Ternyata banyak jalur lalu lintas baru,
banyak pemberhentian perahu baru sekitar lokasai pembangunan kota yang harus
diamankan dari kejahatan terutama dari perampokan dan pencurian. Jalan rintisan
dari segala arah menuju ke bekas hutan Maja ini, semakin ramai, warung warung,
gudang tempat barang barang dagangan diturunkan dan berganti pemikul atau
berganti gerobak bila jalanan memungkinkan, Tempat tempat pemberhentian lalu
lintas pemikul atau gerobag ini rawan untuk jadi tempat para penjahat menjadi
raja kecil menarik uang keamanan, sangat menjadi perhatian Lurah Bayangkari.
Semua kedai Tuak dan warung remang remang juga menjadi perhatian lurah
Bhayangkari kota yang baru dibangun ini. Setelah Ranggalawe terbunuh karena
perkelahian dengan Kebo Anabrang, Lurah Bhayangkari sadar bahwa ada yang
mengincar Pimpinan dan Gudang Uang picis emas perak , untuk membangun kota ini.
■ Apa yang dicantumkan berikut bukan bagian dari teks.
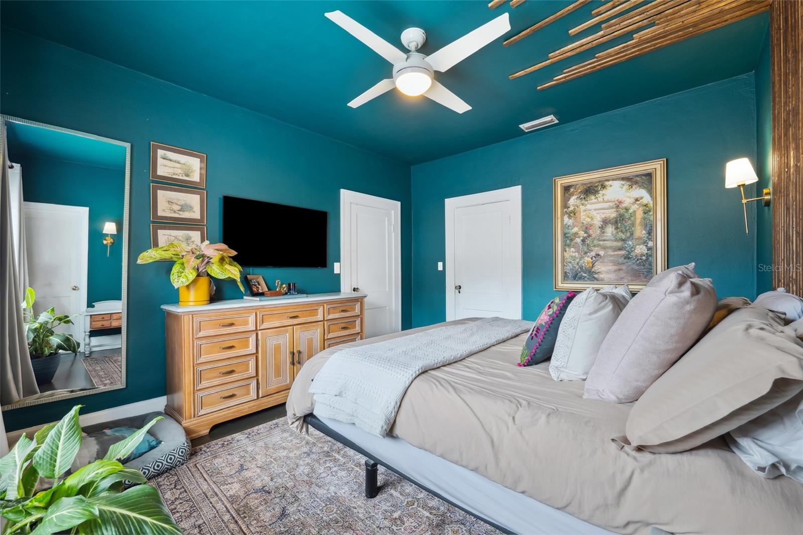 Ceiling Fans(s), Dry Bar, High Ceilings, Open Floorplan, Pest Guard System, Solid Wood Cabinets, Stone Counters, Thermostat, Walk-In Closet(s), Window Treatments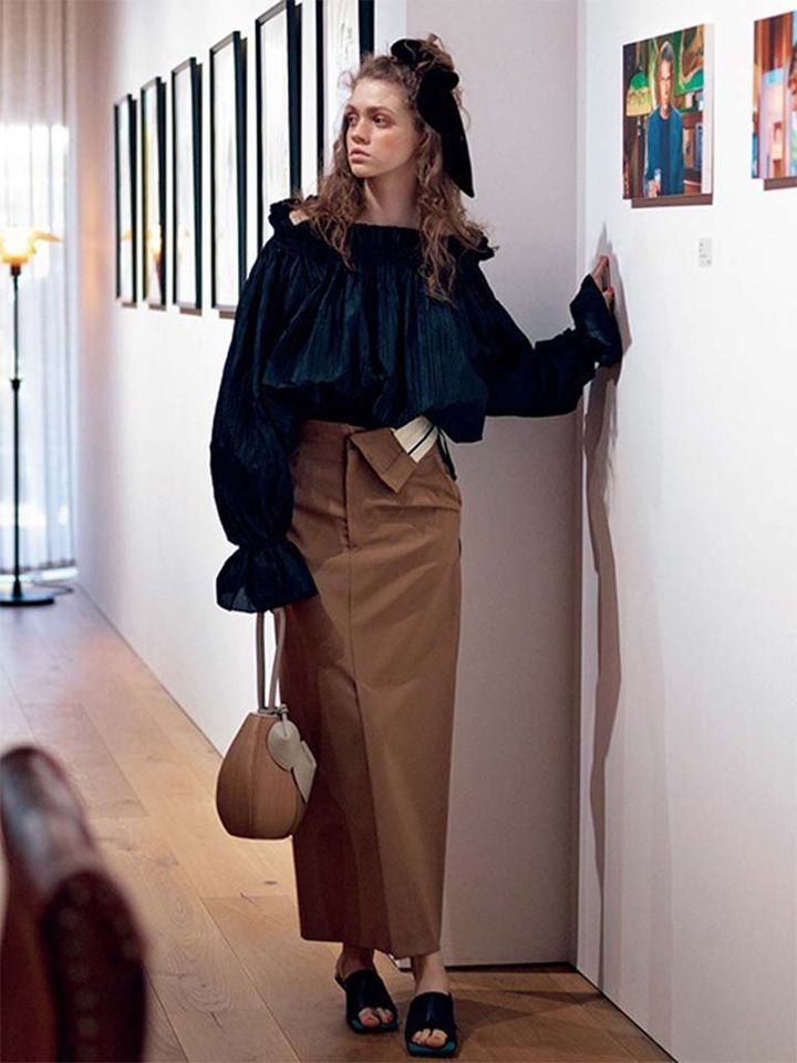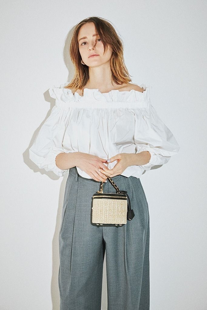 もはや定番化してきたパフスリーブブラウスは、ラフに装えるドライタッチな素材で採用。気楽に手にとれて着映えするデザイン性をもった「カジュアルなドレス」として、日常の中で気分転換したいときにもってこい。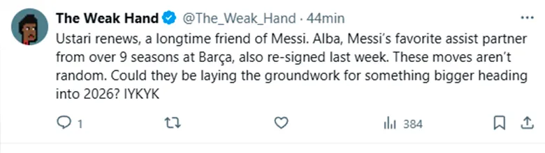 Otro aficionado, en cambio, eligió ilusionarse con la posibilidad de que se esté allanando el camino para la continuidad del capitán: “Ustari, amigo de Messi desde hace mucho tiempo, renueva. Alba, el asistente favorito de Messi durante más de nueve temporadas en el Barça, también renovó la semana pasada. Estos movimientos no son casuales. ¿Podrían estar sentando las bases para algo más grande de cara a 2026?”, escribió.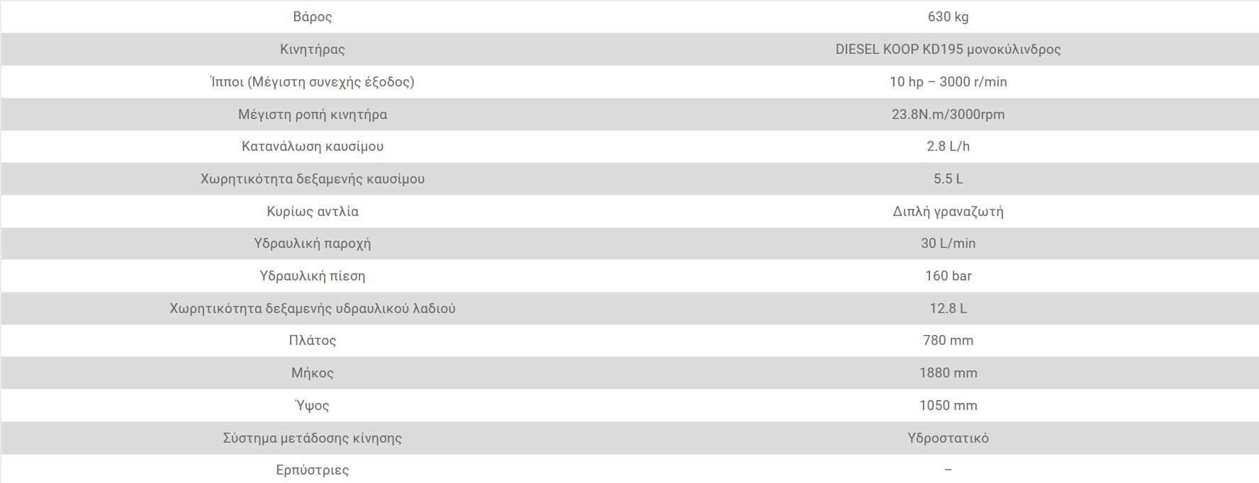 - Μονοκύλινδρος πετρελαιοκινητήρας Koop KD192 10hp – 3000r/min, νέας γενιάς STAGE V με χαμηλότερη κατανάλωση.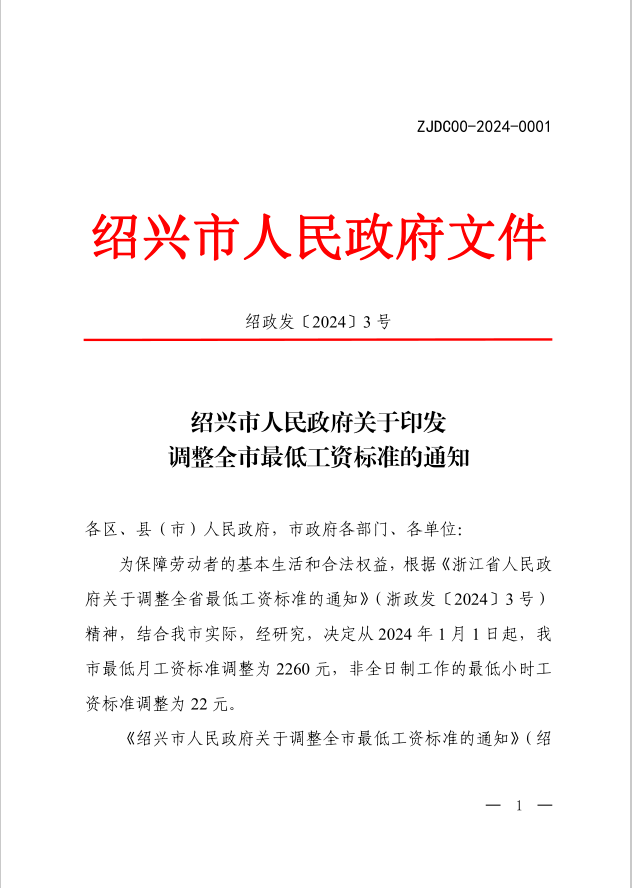 近日,紹興市人民政府印發(fā)《關(guān)于調(diào)整全市最低工資標(biāo)準(zhǔn)的通知》,自2024年1月1日起,我市最低月工資標(biāo)準(zhǔn)從2070元調(diào)整為2260元,非全日制最低小時工資標(biāo)準(zhǔn)從20元調(diào)整為22元。

Dalam hal ini Gajah Gombak dari Mada
mengadakan perundingan dengan Raden Wijaya maka mereka mohon kepada sang Guru
Bagawan Bismasadana dan Rsi Curadharmayogi untuk menghubungi Ketua semua
Perguruan Silat aliran lurus, sampai wilayah Pengging dan Kedhu, bahkan sampai ke Cirebon untuk membantu
dengan mengirimkan muridnya yang terbaik ke Wilwatiktapura untuk menjadi
Pengaman luar dan dalam. Malah perguruan silat khusus pendekar wanita dari
Gunung Jati, Jawa Barat , “ Sekar rinonce” juga diundang. “Sardula Liwung” dari
Gunung Ijen, “Trimurti” dari Lembah Rengganis, “Trisula” dari lereng Gunung
Wilis, perguruan “Gunung Pandan” dari Rajeg wesi, dan masih lima enam lagi
perguruan silat tingkat tinggi yang diundang. Yang aneh lagi munculnya
perguruan silat yang sangat tersembunyi tidak pernah muncul ke permukaan adalah
“Sarapwaja” dari Sidayu, muara Bengawan Solo, yang senjatanya berupa talempak
atau tombak pendek bermata lebar serupa dayung, nama setempatnya sarap, mereka
ini sangat dibenci oleh sakte nyleneh agama Hindu aliran Bhairawa, karena
disamping mengaharamkan semua prilaku anggauta aliran ini, kecuali tidak
mengharamkan memuaskan makan ikan, juga mempunyai kemampuan melawan kekuatan
hitam yang sangat handal yang dimiliki oleh golongan Bhairawa ini. Menurut
pandangan kaum Sarapwaja, memuaskan diri dengan “Ma” lima yaitu “Matsya” makan
ikan, “Ma’argya” (mabok minuman keras), “Mamsya” (makan daging segala
binatang ), “Maudra” (menari nari sampai trance), dan “Maithuna” ( berhubungan
sex secara orgy liar) untuk mencapai kesempurnaan, adalah pembenaran menyesatkan
dan palsu. Karena orang mengendalikan hawa nafsu itu maksudnya supaya
menggunakan energinya untuk mengasihi sesama ciptaan Sang Maha Agung, dan
pemurah kepada mereka, berupaya “mamayu hayuning bhawana” atau membuat
lingkungan hidup menjadi berharga untuk dihidupi. Maka dengan memuaskan hawa
nafsu sekehendak sendiri mengumbar hawa nafsu diri sendiri sehingga puas
dan serta merta mengalami kesadaran yang tertinggi itu bohong, karena
mengorbankan kepentingan orang lain.
Lha bila orang hanya sibuk memuaskan diri
sendiri saja, kan menyusahkan orang lain juga. Mpu Lurah Bhayangkari
sengaja mengundang Kelompok silat yang tidak pernah terkenal di dunia
persilatan ini karena golongan ini selalu bisa menangkal kekuatan kaum Bhairawa
secara wadag maupun memunahkan kekuatan magis hitam nya.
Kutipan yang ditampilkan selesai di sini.